**About this exercise:**
Copy the lines below exactly, starting at the one with "Сегодня это кажется" and ending at the one with "L'emplacement de ce", and leave out any picture.

------ Available data ------

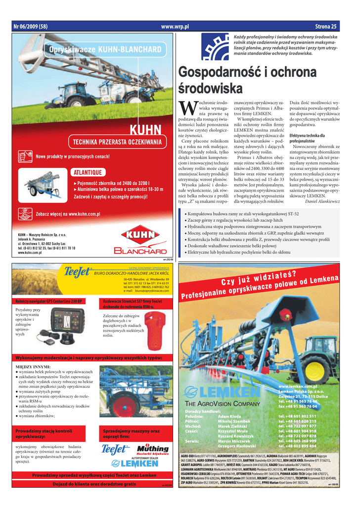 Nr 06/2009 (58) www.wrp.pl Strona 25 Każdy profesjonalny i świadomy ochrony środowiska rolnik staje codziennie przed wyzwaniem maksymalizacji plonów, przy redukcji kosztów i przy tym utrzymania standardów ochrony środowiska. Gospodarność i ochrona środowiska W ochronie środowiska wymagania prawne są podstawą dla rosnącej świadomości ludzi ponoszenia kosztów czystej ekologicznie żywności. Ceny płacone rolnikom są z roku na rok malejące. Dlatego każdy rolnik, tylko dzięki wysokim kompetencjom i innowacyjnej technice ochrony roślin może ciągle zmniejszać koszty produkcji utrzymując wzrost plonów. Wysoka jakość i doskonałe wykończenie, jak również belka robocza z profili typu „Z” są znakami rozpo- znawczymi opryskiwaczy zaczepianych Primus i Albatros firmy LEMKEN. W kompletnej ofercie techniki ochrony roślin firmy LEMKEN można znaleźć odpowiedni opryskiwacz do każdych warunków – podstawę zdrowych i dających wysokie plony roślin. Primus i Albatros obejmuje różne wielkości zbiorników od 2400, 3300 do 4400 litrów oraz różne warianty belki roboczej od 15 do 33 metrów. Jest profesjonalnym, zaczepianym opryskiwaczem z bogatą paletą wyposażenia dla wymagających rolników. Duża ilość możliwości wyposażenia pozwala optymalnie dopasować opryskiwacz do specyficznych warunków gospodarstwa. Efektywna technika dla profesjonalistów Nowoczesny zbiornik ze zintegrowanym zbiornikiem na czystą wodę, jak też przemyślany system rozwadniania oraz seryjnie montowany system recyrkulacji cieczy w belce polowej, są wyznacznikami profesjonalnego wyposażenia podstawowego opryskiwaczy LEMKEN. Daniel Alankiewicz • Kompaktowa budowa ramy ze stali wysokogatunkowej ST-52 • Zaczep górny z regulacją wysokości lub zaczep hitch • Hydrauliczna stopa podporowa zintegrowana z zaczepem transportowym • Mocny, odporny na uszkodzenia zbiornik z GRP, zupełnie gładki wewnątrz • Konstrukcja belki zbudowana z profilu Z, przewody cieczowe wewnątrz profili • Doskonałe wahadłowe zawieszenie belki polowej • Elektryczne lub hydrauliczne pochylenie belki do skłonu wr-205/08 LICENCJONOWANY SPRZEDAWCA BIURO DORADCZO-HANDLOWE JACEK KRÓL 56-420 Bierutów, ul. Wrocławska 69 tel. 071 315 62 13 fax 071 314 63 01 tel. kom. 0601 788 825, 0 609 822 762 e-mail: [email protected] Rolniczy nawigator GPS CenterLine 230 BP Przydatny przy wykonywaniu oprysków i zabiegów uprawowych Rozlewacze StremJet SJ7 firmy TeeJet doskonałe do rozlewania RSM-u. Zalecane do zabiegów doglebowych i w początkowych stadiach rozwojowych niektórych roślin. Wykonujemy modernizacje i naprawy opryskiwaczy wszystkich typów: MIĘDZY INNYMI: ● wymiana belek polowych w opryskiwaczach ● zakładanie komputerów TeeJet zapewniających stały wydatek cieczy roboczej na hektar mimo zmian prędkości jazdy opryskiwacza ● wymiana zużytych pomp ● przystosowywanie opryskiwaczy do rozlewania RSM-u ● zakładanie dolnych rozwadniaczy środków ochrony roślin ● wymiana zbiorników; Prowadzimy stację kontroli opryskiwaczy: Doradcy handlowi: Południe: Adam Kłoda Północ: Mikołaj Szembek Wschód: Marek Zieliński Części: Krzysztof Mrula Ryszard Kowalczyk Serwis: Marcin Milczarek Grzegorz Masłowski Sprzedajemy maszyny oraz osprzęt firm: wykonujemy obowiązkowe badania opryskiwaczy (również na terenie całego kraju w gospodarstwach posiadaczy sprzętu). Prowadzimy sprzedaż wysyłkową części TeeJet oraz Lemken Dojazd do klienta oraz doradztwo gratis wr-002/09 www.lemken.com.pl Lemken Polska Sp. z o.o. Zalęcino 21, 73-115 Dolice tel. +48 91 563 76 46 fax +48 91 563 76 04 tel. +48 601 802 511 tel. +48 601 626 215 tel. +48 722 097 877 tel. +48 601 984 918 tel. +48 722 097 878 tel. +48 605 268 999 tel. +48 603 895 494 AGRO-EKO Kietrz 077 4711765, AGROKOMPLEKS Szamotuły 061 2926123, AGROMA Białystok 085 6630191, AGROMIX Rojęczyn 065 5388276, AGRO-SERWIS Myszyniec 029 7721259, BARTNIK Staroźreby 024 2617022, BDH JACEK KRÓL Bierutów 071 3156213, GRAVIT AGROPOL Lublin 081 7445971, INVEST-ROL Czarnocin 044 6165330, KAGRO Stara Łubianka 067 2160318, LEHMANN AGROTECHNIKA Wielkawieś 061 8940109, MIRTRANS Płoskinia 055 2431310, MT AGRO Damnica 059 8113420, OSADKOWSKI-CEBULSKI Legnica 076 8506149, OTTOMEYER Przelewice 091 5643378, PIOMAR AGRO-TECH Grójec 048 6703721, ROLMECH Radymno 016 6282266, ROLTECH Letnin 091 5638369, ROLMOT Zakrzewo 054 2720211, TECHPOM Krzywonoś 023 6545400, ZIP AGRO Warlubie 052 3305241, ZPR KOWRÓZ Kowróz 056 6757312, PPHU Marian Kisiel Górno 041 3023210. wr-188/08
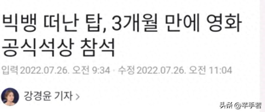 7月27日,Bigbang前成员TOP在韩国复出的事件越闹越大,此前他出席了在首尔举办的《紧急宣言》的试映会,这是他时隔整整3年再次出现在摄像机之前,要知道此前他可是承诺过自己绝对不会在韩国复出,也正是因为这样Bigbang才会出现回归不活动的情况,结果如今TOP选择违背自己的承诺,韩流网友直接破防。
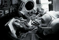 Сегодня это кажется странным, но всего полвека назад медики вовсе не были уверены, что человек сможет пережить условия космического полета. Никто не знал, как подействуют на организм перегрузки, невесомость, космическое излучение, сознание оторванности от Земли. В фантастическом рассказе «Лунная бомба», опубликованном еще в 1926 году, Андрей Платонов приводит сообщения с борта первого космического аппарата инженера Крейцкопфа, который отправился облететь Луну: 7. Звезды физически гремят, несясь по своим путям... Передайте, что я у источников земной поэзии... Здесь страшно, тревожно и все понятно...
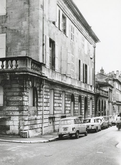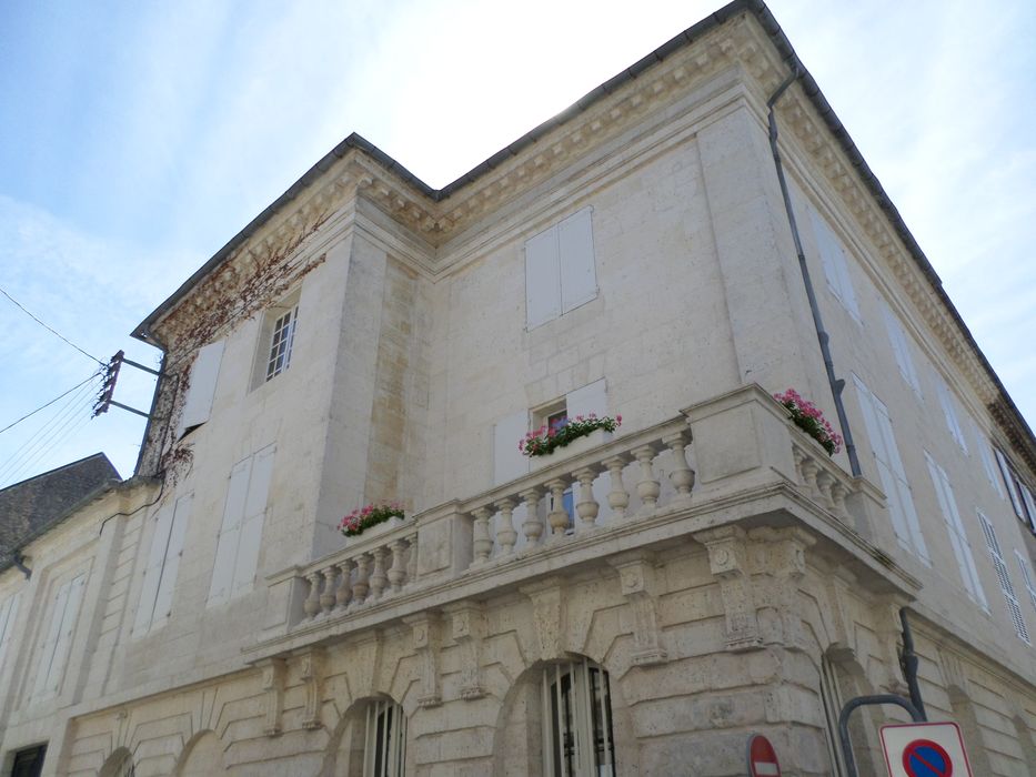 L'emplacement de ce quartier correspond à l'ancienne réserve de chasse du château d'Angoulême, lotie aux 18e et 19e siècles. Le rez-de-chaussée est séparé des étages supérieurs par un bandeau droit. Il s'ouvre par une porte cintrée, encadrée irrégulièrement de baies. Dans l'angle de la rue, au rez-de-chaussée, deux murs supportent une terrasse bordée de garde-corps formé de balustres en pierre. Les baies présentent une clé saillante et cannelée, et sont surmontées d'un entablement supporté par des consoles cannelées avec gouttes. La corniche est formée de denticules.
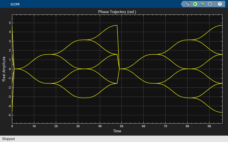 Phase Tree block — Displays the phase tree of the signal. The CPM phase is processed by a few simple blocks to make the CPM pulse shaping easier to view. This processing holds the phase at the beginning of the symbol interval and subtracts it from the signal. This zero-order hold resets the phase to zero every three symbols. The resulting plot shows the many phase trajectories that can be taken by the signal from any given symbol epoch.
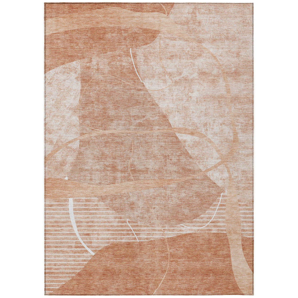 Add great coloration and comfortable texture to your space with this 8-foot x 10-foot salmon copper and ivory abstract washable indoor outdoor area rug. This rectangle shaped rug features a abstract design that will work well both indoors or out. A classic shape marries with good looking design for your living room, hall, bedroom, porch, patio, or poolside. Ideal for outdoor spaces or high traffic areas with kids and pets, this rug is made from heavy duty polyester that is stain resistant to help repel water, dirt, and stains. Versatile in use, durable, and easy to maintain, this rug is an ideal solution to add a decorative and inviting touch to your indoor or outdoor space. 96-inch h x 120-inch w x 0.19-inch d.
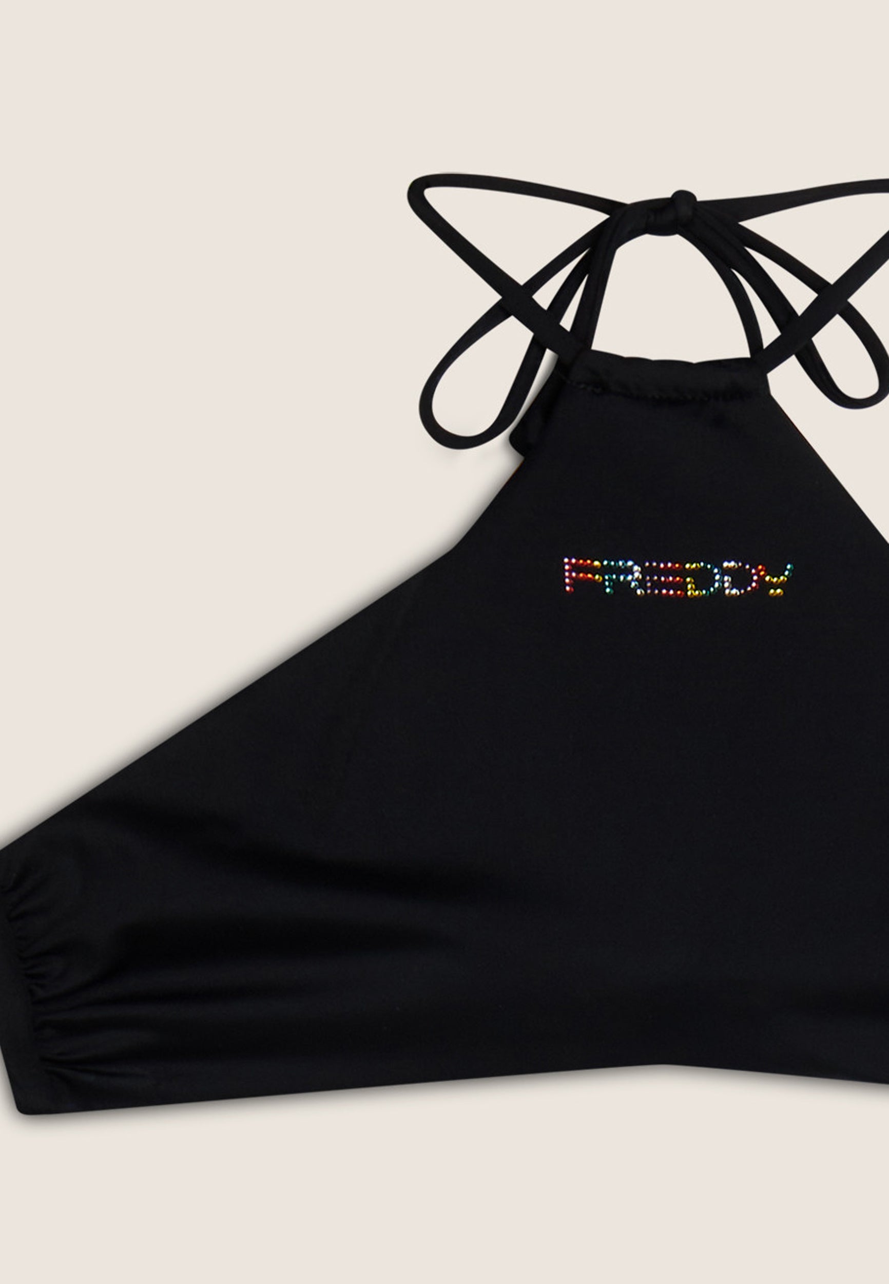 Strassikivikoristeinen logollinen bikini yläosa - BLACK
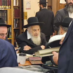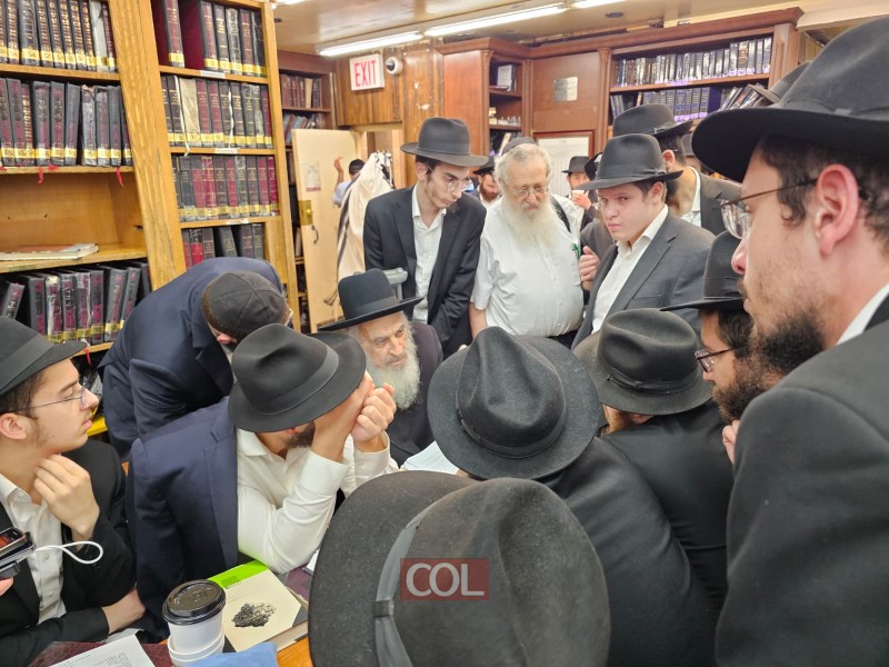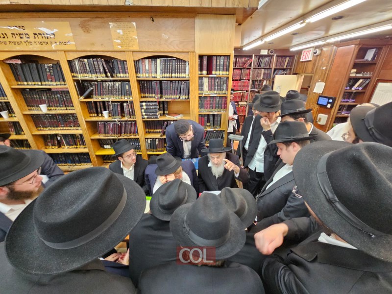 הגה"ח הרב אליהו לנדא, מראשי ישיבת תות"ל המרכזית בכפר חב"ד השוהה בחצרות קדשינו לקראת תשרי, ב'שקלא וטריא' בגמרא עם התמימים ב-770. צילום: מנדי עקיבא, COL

------

**Problem solution:**
 Сегодня это кажется странным, но всего полвека назад медики вовсе не были уверены, что человек сможет пережить условия космического полета. Никто не знал, как подействуют на организм перегрузки, невесомость, космическое излучение, сознание оторванности от Земли. В фантастическом рассказе «Лунная бомба», опубликованном еще в 1926 году, Андрей Платонов приводит сообщения с борта первого космического аппарата инженера Крейцкопфа, который отправился облететь Луну: 7. Звезды физически гремят, несясь по своим путям... Передайте, что я у источников земной поэзии... Здесь страшно, тревожно и все понятно...
 L'emplacement de ce quartier correspond à l'ancienne réserve de chasse du château d'Angoulême, lotie aux 18e et 19e siècles. Le rez-de-chaussée est séparé des étages supérieurs par un bandeau droit. Il s'ouvre par une porte cintrée, encadrée irrégulièrement de baies. Dans l'angle de la rue, au rez-de-chaussée, deux murs supportent une terrasse bordée de garde-corps formé de balustres en pierre. Les baies présentent une clé saillante et cannelée, et sont surmontées d'un entablement supporté par des consoles cannelées avec gouttes. La corniche est formée de denticules.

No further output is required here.